Exercise objective:
Only the lines from the beginning of the material below through the line with "The outhouse at" should be retyped exactly, and pictures are to be skipped.

Material for this exercise:
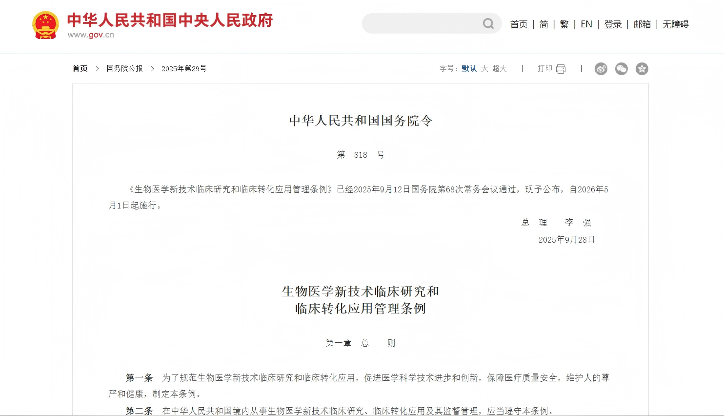 2025年,在多项国家政策利好的推动下,细胞治疗与再生医学领域迎来爆发式增长。其中,2025年9月28日国务院发布的《生物医学新技术临床研究和临床转化应用管理条例》(即“818条例”),成为行业发展的关键转折点。该条例明确细胞项目的准入与转化路径,为行业提供了清晰的政策指引,显著加速细胞技术从实验室走向临床的进程。
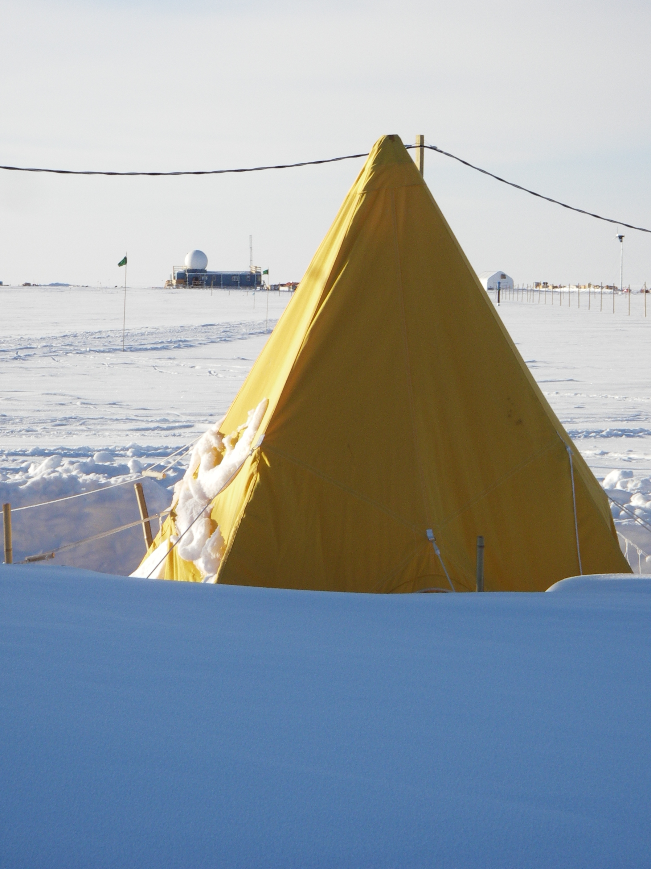 The outhouse at Satellite "Sat" Camp is a tent with a bucket. Procedure for use: Place plastic bag in bucket. Do job. Take bag out. Carry bag 1 km back to Summit Camp!
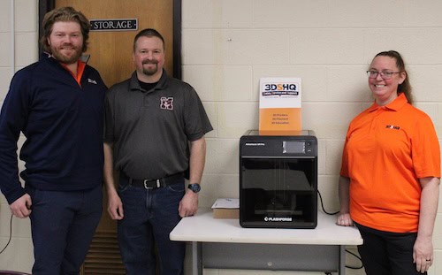 Industrial technology instructor Jared Piel was very excited to share that he applied for and received an education grant from 3DSHQ. The grant award was for a new Flash Forge 5M Pro 3D printer setup and installation in the classroom, along with training sessions for students and faculty on the printer.
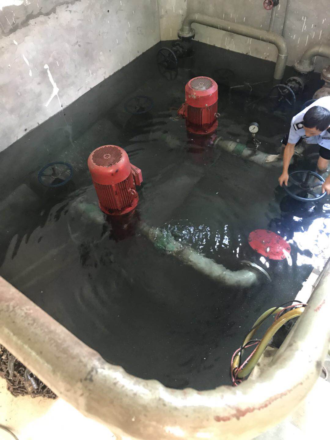 圖為執(zhí)勤隊員在關(guān)閉閥門 “看,應(yīng)該是這里漏水了,有水暈在動。” “對,就是這里了。” “水馬上要沒到電機(jī)了,趕快關(guān)閉閥門,不然損失就大了。” 此時,陳旦平?jīng)]有多想,立即下水去關(guān)閉水泵閥門。池中有2號泵的高位水池閥門和2號泵的集水池閥門,每個泵各有兩個閥門。陳旦平在迅速關(guān)閉閥門后,由于集水池這邊地勢較低,慌忙中的他忘拿手機(jī),手機(jī)被水浸到,他卻依舊埋頭于搶修。 據(jù)隊長李新波說,此次“水災(zāi)”是北泵房2號泵的壓力表處水管漏水,原因是設(shè)備設(shè)施使用時間較長,水管陳舊銹蝕,抵不住水壓,導(dǎo)致水管開裂,引起漏水。 胡瑰華
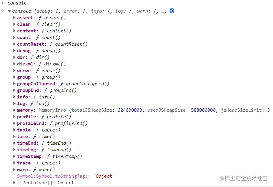 - console.dir:在控制台中显示指定JavaScript对象的属性,并通过类似文件树样式的交互列表显示。

The answer:
 2025年,在多项国家政策利好的推动下,细胞治疗与再生医学领域迎来爆发式增长。其中,2025年9月28日国务院发布的《生物医学新技术临床研究和临床转化应用管理条例》(即“818条例”),成为行业发展的关键转折点。该条例明确细胞项目的准入与转化路径,为行业提供了清晰的政策指引,显著加速细胞技术从实验室走向临床的进程。
 The outhouse at Satellite "Sat" Camp is a tent with a bucket. Procedure for use: Place plastic bag in bucket. Do job. Take bag out. Carry bag 1 km back to Summit Camp!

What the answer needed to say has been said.